Dans certains hôpitaux, on organise un «jour des portes ouvertes» : les patients peuvent écrire un remerciement sur un panneau spécial. Le soir, le chef de service lit les plus touchants.
Les hôpitaux psychiatriques organisent de l'art-thérapie pour les médecins - pour soulager le stress. Ils dessinent, modelent, dansent.
Dans les dispensaires ruraux, on célèbre avec tout le village. La sage-femme et le médecin sont félicités par les patients des villages voisins. Ils apportent des œufs, du lard, du miel. C'est touchant.
Non tous les médecins sont ravis du 27 mai. Certains disent : «Encore ces fleurs, mieux vaudrait augmenter les salaires». Oui, les salaires des médecins en Russie restent bas (moyen - 50-80 mille, mais avec des heures supplémentaires). La journée de remerciement ne remplace pas une rémunération décente.
D'autres médecins pensent que l'on doit célébrer non pas un jour spécial, mais constamment. Une fois par an, c'est de la hypocrisie. Troisièmes, ils se lasent des cadeaux. Quatrièmes, ils ont honte de l'attention.
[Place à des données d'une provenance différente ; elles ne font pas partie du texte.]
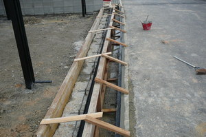 水路にグレーチングを設置するための型枠とアングルを設置しコンクリートを流し込みます。 その後駐車場内の砕石で整え、エンジンプレートという機械で締め固める作業をしていきます

Mais la plupart des médecins sont tout de même heureux. Parce que le mot «merci» est rarement entendu en leur direction les jours ordinaires. Et pendant le festival, il est entendu.
Il est important que la célébration ne devienne pas une formalité. Que derrière les cadeaux, il y ait de la sincérité.
N'attendez pas le 27 mai. Vous pouvez dire «merci» au médecin le 28 mai, le 30 décembre. Simplement pour qu'il soit venu au appel, a prescrit un médicament, n'a pas grogné. Vous pouvez envoyer un SMS, écrire un avis sur le portail «Mon médecin». Vous pouvez transférer de l'argent au fonds caritatif «Donnez la vie» (pour les médecins des enfants cancéreux). Vous pouvez offrir votre aide en tant que volontaire dans une clinique (distribuer des tickets, s'asseoir à la réception).
Le plus important est de ne pas demander aux médecins l'impossible. Ne criez pas «vous devez». Ne faites pas de plaintes à cause des files d'attente. Respecter le travail. C'est la meilleure gratitude.
Le 27 mai est un rappel. Et ensuite - chaque jour.
La célébration des médecins le 27 mai n'est pas pour faire de la figue. C'est pour des gens vivants. Pour que le médecin, épuisé après une équipe de nuit, sache : il est aimé, il est apprécié, il est attendu. Pour que son sourire apparaisse sur son visage. Pour qu'il ne démissionne pas, mais continue de guérir nous, nos parents, nos enfants.
Donc, le 27 mai, prenez un bouquet (pas cher). Ou faites du pain d'épices. Ou allez simplement voir votre médecin traitant et dites : «Merci, docteur. Pour tout». Peut-être cela sauvera une vie. Peut-être la vôtre.